REQUIRED WORK ▸ What you should give back is a precise copy of the lines below from the one containing "Support your favorite" through the one containing "随后,五组选手分别朗诵诗歌。", with no pictures.
=== Section Start ===
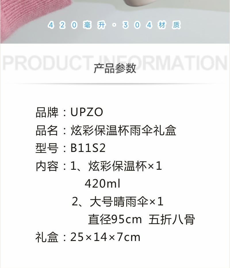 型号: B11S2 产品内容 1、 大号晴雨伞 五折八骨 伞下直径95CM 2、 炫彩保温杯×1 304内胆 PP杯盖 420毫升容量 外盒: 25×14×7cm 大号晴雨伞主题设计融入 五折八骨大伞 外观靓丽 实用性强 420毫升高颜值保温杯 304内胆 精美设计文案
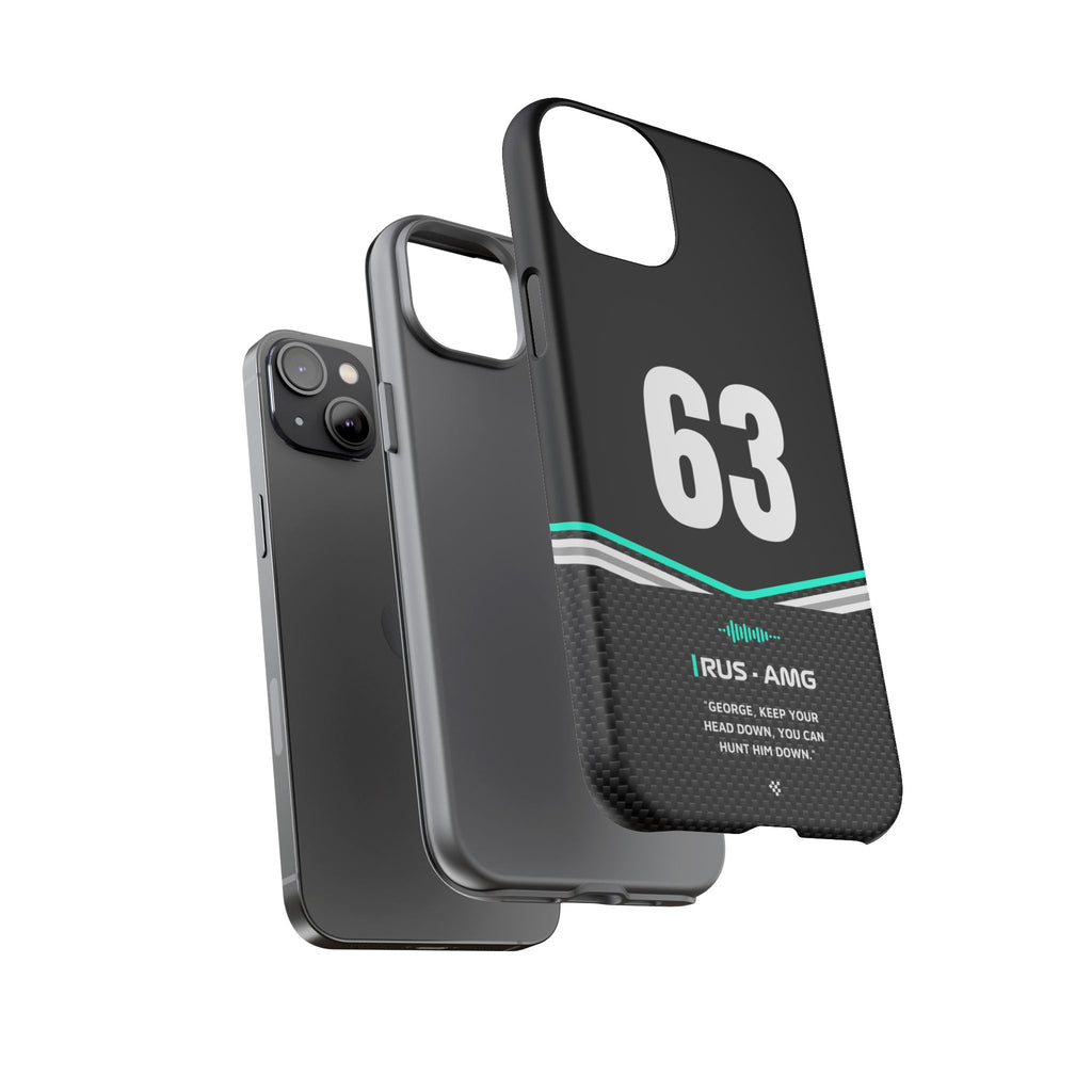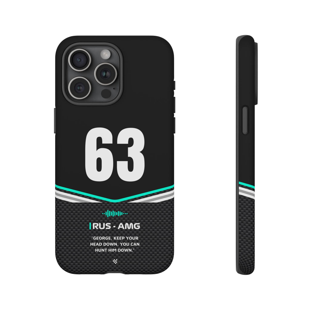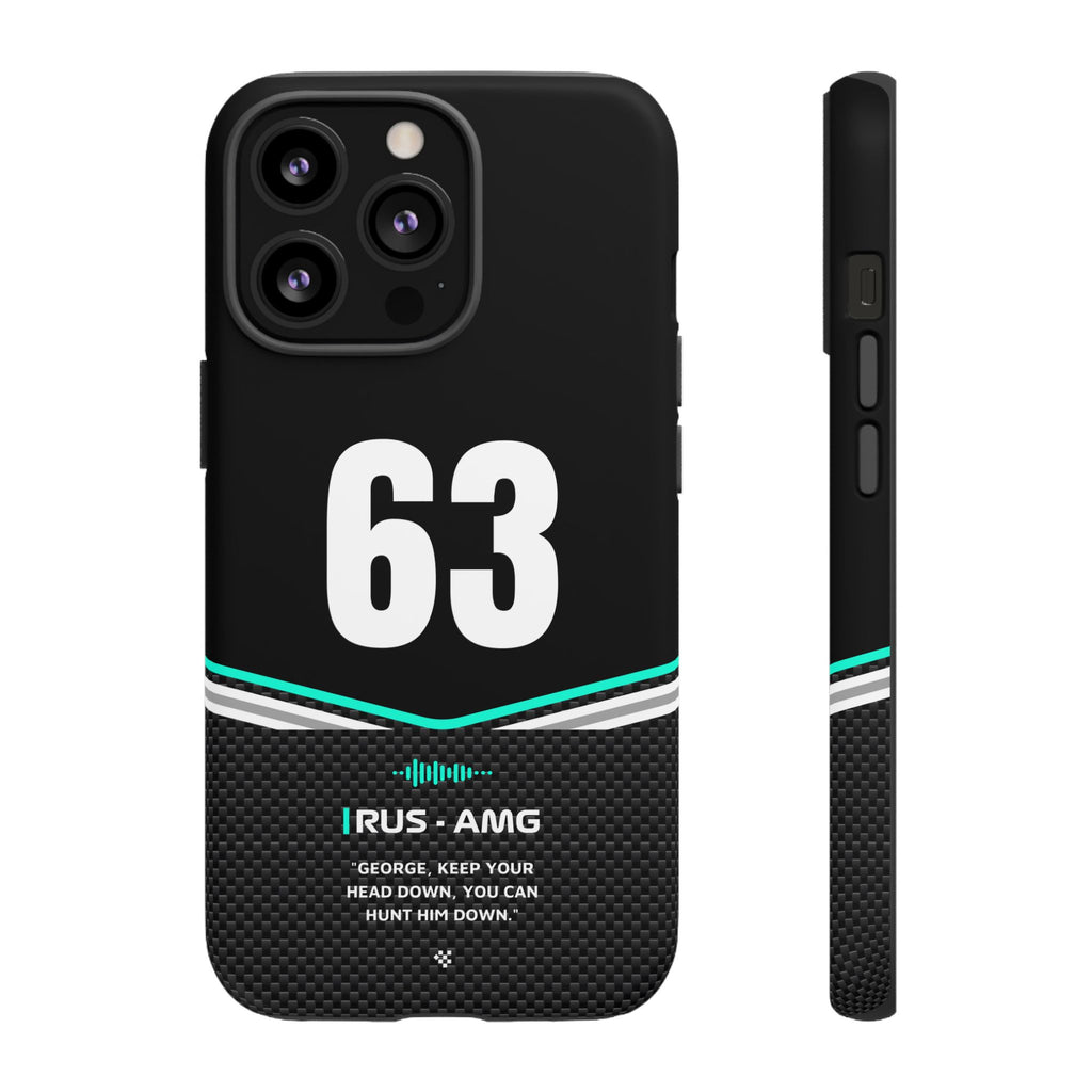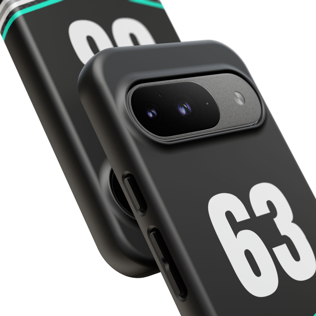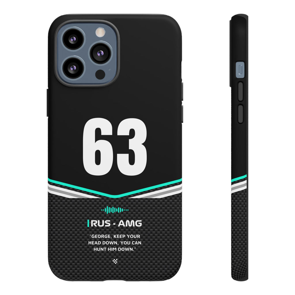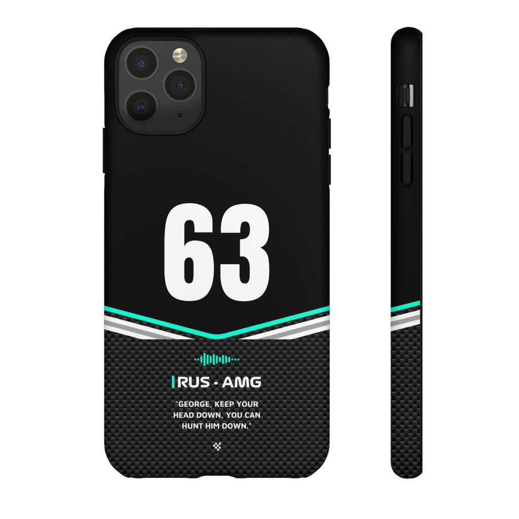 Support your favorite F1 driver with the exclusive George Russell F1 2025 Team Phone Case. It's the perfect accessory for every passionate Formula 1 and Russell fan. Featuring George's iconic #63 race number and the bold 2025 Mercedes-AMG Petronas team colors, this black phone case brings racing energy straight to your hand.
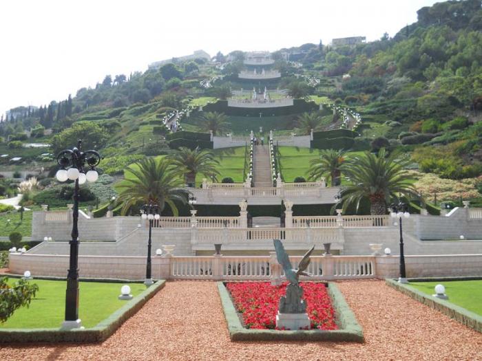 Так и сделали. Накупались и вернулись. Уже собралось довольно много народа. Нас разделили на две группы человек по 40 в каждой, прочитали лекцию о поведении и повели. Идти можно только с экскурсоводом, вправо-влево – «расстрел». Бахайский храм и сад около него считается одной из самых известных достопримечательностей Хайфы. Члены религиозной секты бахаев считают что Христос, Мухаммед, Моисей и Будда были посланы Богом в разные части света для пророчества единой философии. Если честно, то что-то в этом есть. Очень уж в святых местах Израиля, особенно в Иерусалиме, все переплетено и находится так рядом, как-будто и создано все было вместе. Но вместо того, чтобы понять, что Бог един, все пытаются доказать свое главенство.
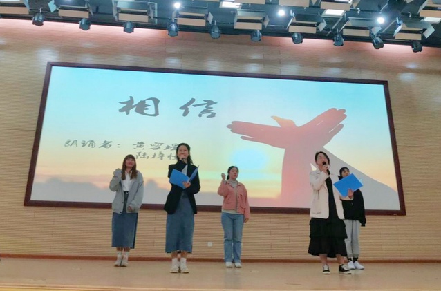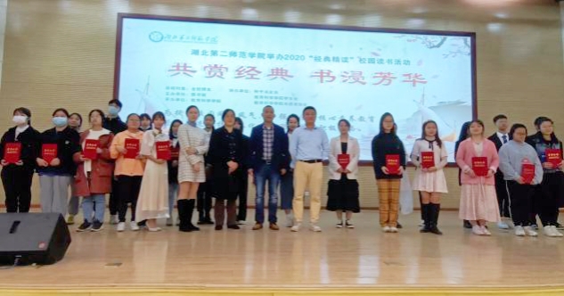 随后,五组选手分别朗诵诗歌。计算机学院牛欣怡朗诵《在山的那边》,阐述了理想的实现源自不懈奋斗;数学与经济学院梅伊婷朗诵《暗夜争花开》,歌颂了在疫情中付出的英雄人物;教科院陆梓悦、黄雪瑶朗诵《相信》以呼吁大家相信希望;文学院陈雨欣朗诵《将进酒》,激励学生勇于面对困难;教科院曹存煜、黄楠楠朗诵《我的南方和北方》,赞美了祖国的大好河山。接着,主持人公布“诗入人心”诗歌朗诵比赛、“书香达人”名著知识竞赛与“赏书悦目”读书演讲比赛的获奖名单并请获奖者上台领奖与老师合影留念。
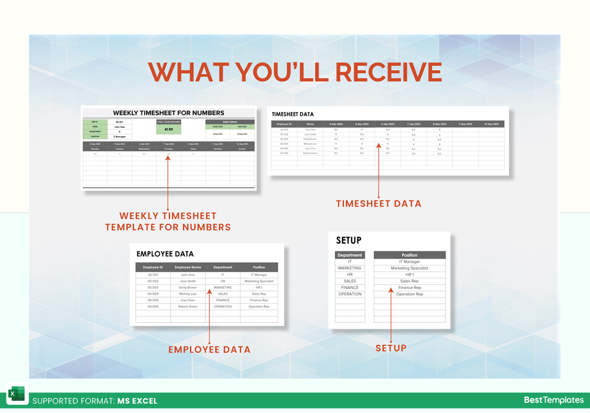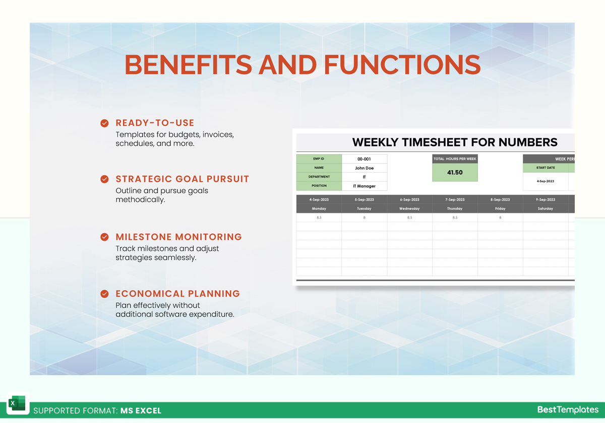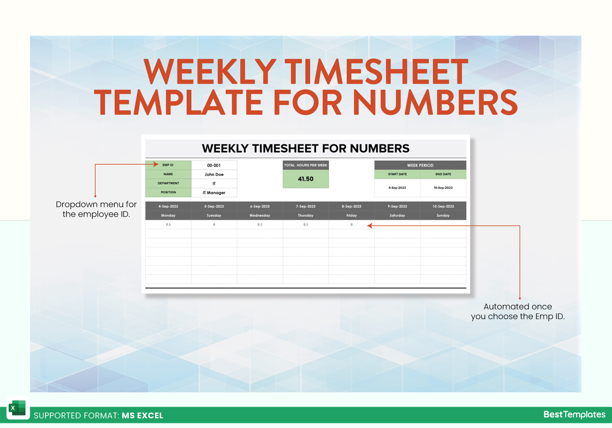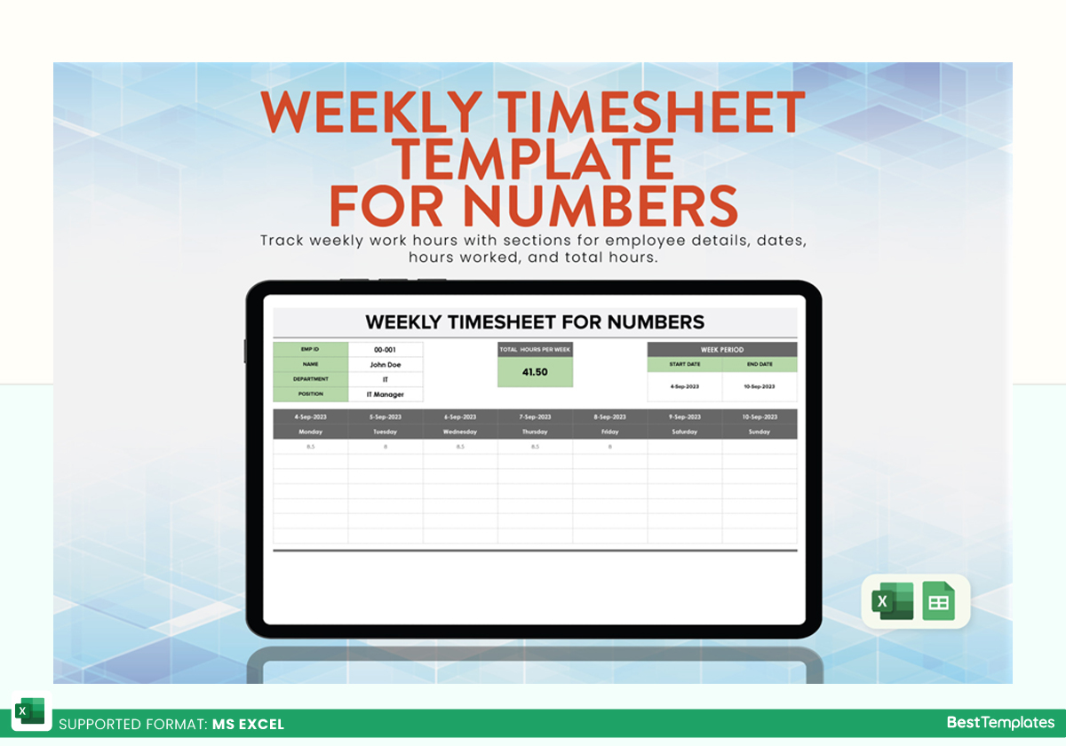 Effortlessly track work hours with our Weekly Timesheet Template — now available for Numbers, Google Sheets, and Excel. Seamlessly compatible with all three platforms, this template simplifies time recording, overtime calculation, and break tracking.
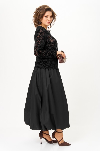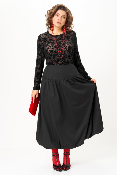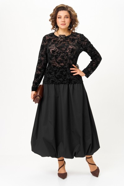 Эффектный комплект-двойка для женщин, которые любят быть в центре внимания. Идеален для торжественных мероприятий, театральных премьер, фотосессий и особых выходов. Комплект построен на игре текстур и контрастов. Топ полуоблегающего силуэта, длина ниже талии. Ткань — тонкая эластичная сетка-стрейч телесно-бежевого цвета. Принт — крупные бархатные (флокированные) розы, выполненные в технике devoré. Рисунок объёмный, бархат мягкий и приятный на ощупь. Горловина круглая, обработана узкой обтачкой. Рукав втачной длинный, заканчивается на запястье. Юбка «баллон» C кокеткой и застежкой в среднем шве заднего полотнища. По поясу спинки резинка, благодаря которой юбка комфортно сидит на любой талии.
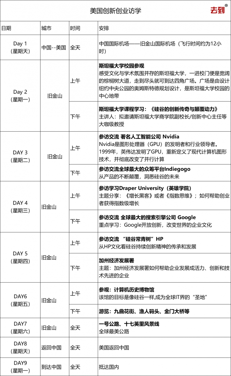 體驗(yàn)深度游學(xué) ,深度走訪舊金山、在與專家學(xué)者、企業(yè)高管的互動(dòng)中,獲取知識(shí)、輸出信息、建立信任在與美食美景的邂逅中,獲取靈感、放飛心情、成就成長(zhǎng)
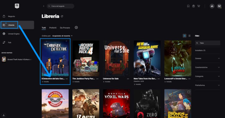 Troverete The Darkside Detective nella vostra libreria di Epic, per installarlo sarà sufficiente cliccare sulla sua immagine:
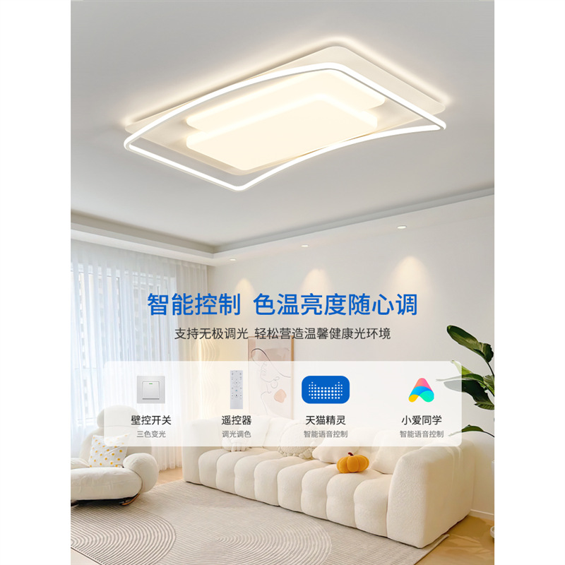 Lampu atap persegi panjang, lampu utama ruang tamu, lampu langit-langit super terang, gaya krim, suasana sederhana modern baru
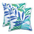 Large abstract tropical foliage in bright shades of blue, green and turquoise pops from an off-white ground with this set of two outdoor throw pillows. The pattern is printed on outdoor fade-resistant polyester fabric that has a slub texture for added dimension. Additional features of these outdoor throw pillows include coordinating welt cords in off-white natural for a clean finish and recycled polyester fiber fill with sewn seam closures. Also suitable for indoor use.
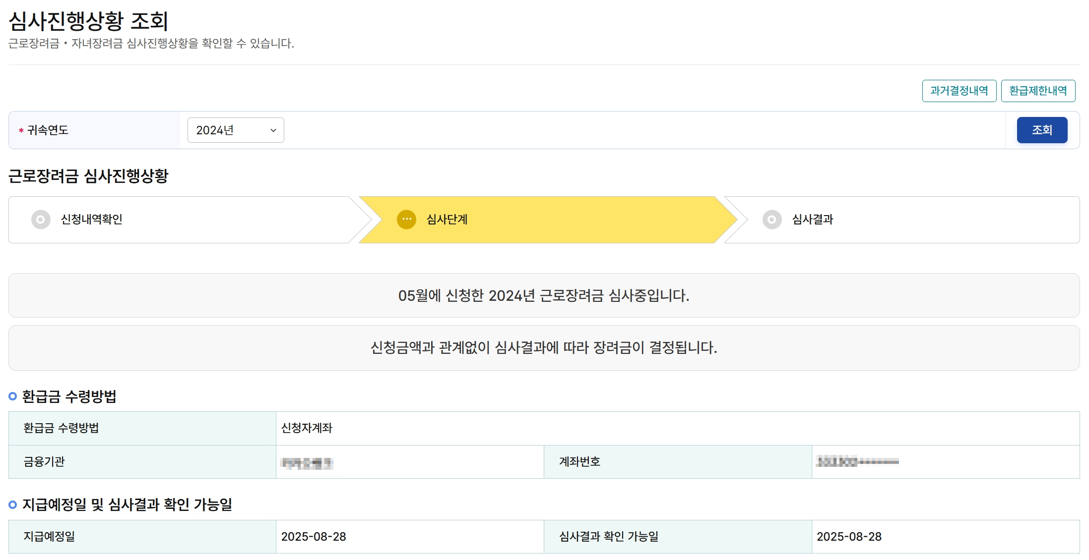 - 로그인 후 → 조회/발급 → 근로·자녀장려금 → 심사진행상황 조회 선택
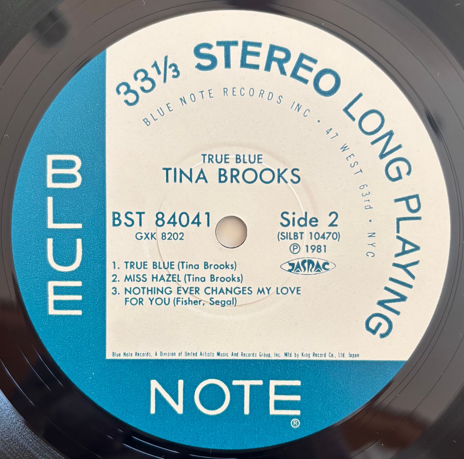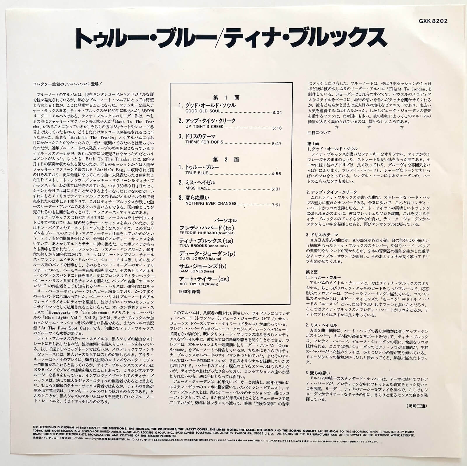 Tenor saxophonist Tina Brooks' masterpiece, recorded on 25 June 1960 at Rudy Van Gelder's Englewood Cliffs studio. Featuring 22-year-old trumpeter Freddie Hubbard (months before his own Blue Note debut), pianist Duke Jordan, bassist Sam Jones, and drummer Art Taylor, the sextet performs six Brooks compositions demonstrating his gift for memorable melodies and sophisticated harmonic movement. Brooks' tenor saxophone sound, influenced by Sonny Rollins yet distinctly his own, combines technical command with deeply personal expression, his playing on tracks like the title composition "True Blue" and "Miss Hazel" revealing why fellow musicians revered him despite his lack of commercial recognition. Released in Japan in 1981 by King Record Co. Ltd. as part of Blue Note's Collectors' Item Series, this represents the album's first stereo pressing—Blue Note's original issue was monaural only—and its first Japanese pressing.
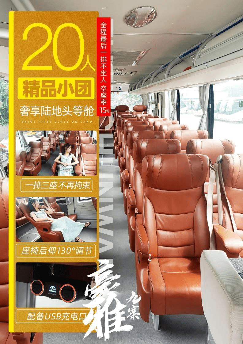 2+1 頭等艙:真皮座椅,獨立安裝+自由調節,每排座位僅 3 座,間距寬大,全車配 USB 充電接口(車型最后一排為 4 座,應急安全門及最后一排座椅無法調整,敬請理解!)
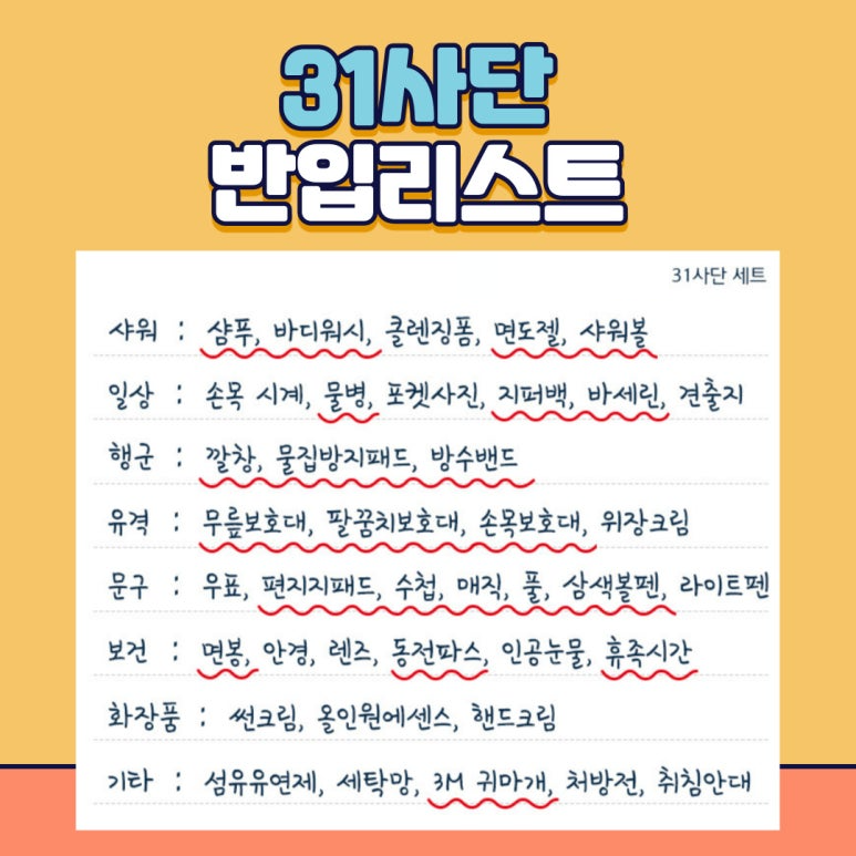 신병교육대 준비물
=== Section End ===
PROBLEM SOLUTION ▸
 Support your favorite F1 driver with the exclusive George Russell F1 2025 Team Phone Case. It's the perfect accessory for every passionate Formula 1 and Russell fan. Featuring George's iconic #63 race number and the bold 2025 Mercedes-AMG Petronas team colors, this black phone case brings racing energy straight to your hand.
 Так и сделали. Накупались и вернулись. Уже собралось довольно много народа. Нас разделили на две группы человек по 40 в каждой, прочитали лекцию о поведении и повели. Идти можно только с экскурсоводом, вправо-влево – «расстрел». Бахайский храм и сад около него считается одной из самых известных достопримечательностей Хайфы. Члены религиозной секты бахаев считают что Христос, Мухаммед, Моисей и Будда были посланы Богом в разные части света для пророчества единой философии. Если честно, то что-то в этом есть. Очень уж в святых местах Израиля, особенно в Иерусалиме, все переплетено и находится так рядом, как-будто и создано все было вместе. Но вместо того, чтобы понять, что Бог един, все пытаются доказать свое главенство.
 随后,五组选手分别朗诵诗歌。计算机学院牛欣怡朗诵《在山的那边》,阐述了理想的实现源自不懈奋斗;数学与经济学院梅伊婷朗诵《暗夜争花开》,歌颂了在疫情中付出的英雄人物;教科院陆梓悦、黄雪瑶朗诵《相信》以呼吁大家相信希望;文学院陈雨欣朗诵《将进酒》,激励学生勇于面对困难;教科院曹存煜、黄楠楠朗诵《我的南方和北方》,赞美了祖国的大好河山。接着,主持人公布“诗入人心”诗歌朗诵比赛、“书香达人”名著知识竞赛与“赏书悦目”读书演讲比赛的获奖名单并请获奖者上台领奖与老师合影留念。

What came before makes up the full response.